## DATA
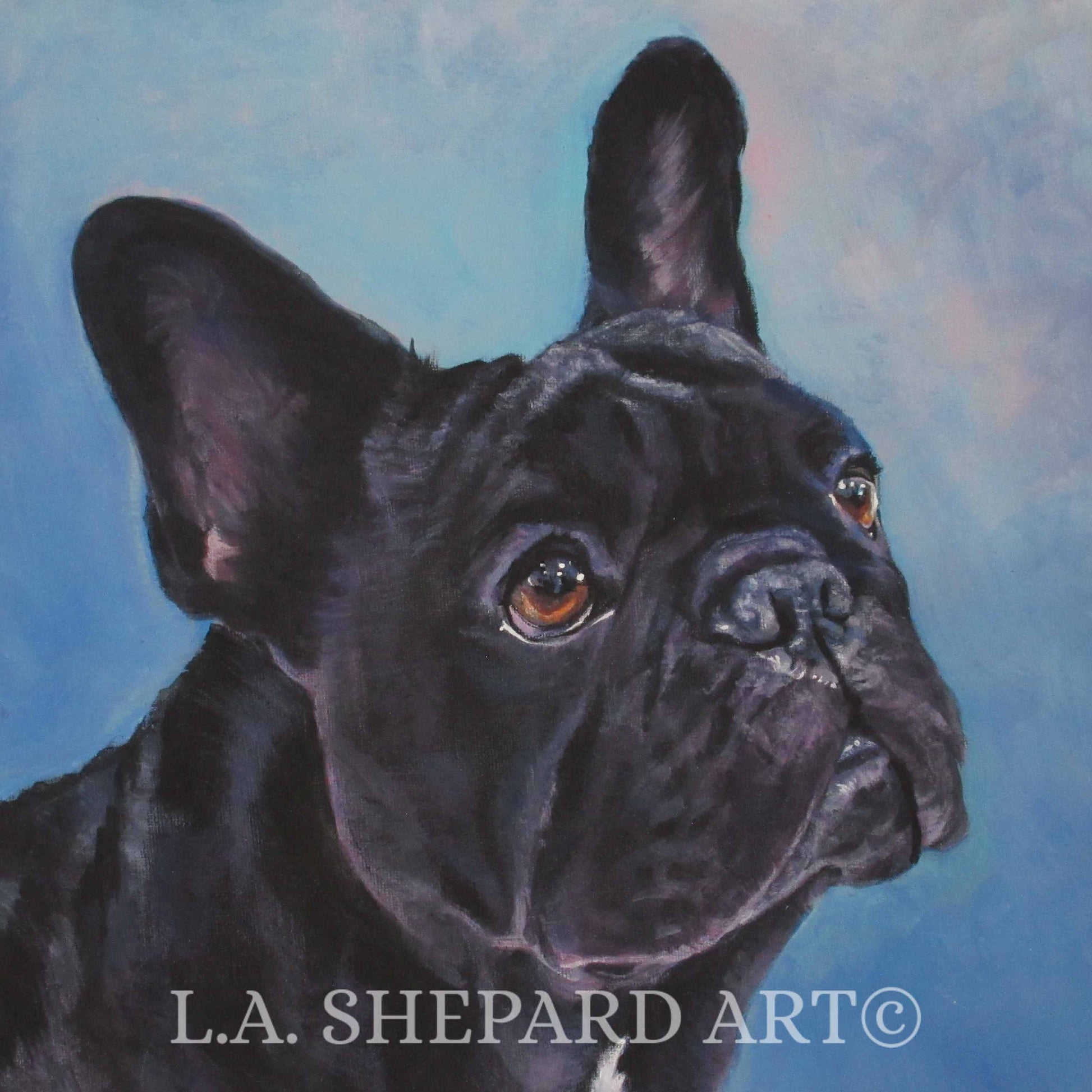 FRENCH BULLDOG art portrait canvas PRINT of LAShepard painting 8x8"
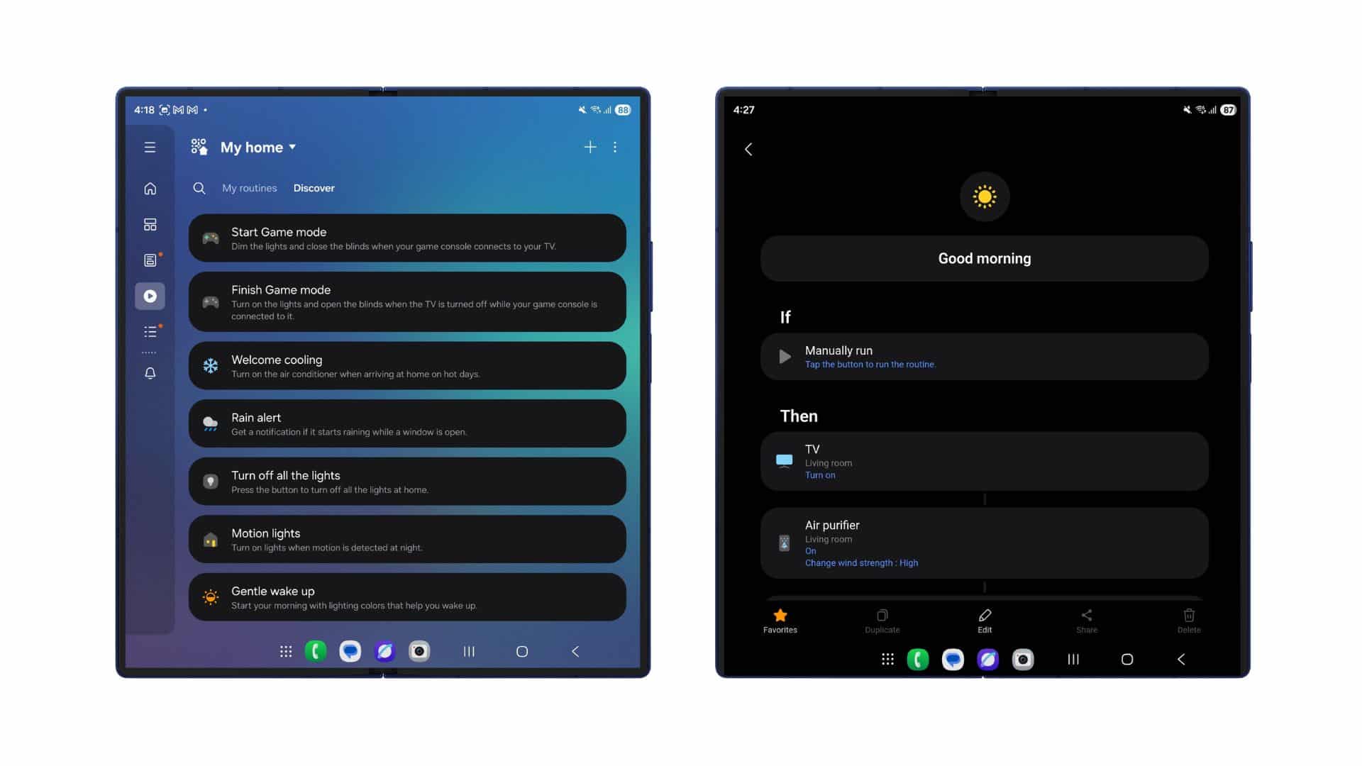 SmartThings also offers automation tools like Routines to schedule tasks automatically. For example, you can set the air conditioner to turn on before you arrive home. Similarly, it lets you configure the porch light to turn on at 5 PM and off at 6 AM. Meanwhile, the Modes feature offers another level of convenience. For example, selecting “Focus Mode” can reduce the vacuum cleaner’s noise and play soft music on your Smart TV.
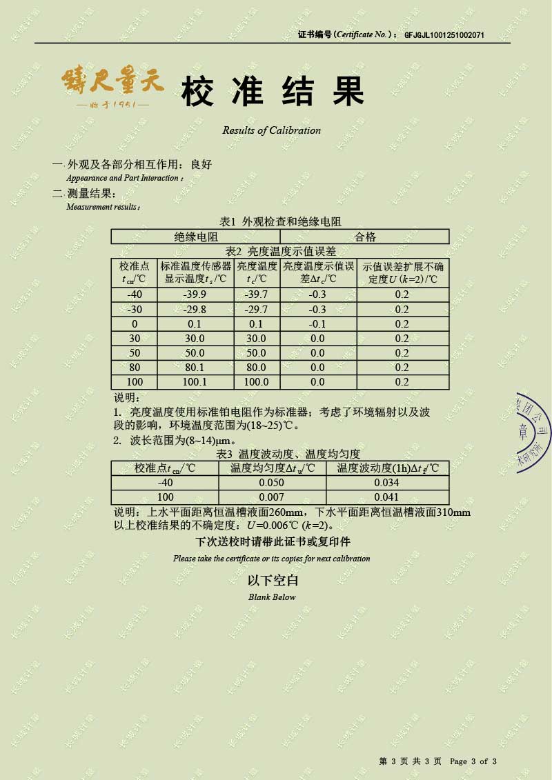 低溫液槽式黑體爐(-40-100℃)校準證書(shū)
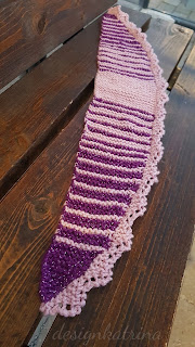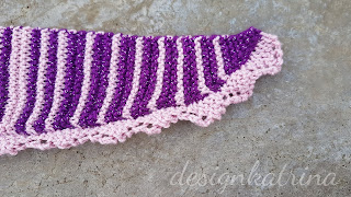Dottern ville också ha en (mindre) sjal med uddkant i rosa och lila. Så där valde hon Tanja Metallic från Falkgarn, från stashen. Det är ju glittrigt, kan inte bli bättre! Denna gick rekordfort att sticka, tjockt garn och 20 m som mest. Uddkant här improviserade jag fram, hur jag gjort står på projektsidan på Ravelry.
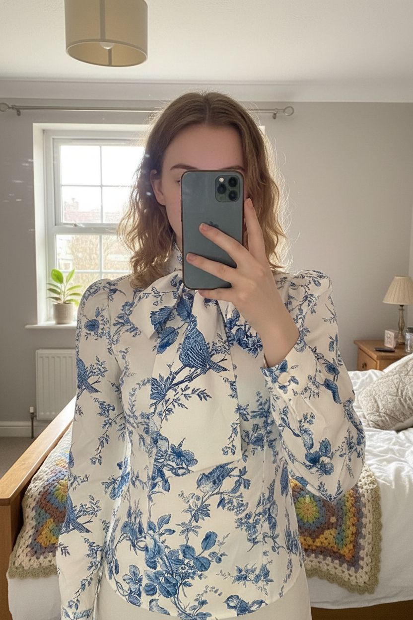 Vintage-Inspired Botanical Bliss Blouse - Size 6 standing straight facing the camera, in a softly lit bedroom setting, with gentle natural light filtering through a window.
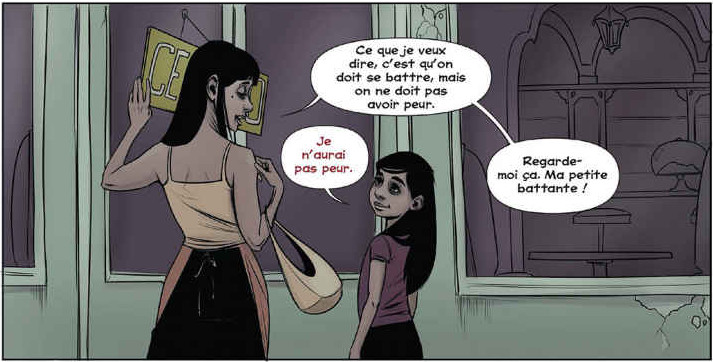 Le scénariste ne néglige pas de justifier l’angle de la lycanthropie sous lequel il a choisi de raconter l’histoire : même si elle s’interprète à un niveau métaphorique, la présence des garous est étayée par un lien qui, pour le coup, rattache moins le livre au folklore mexicain qu’aux légendes indiennes (les bestioles à crocs descendent d’un loup gigantesque, présent dans le récit). Un maillage thématique finement tissé, hélas contrebalancé par une narration parfois décousue, heurtée (et ajoutons au passage que les tournures de la traduction française ne sont pas toujours heureuses). Néanmoins les personnages, puissants, le trait magnifique de Caitlin Yarsky et la mise en page dynamique sauvent largement la mise et nous font guetter l’arrivée du prochain tome de cette saga épique, sanglante et féministe.

## ABOUT THIS TASK
From the opening line of the entries, copy each line exactly until the line with "低溫液槽式黑體爐(-40-100℃)校準證書(shū)", which is copied as well; leave out pictures.

## REPLY
 FRENCH BULLDOG art portrait canvas PRINT of LAShepard painting 8x8"
 SmartThings also offers automation tools like Routines to schedule tasks automatically. For example, you can set the air conditioner to turn on before you arrive home. Similarly, it lets you configure the porch light to turn on at 5 PM and off at 6 AM. Meanwhile, the Modes feature offers another level of convenience. For example, selecting “Focus Mode” can reduce the vacuum cleaner’s noise and play soft music on your Smart TV.
 低溫液槽式黑體爐(-40-100℃)校準證書(shū)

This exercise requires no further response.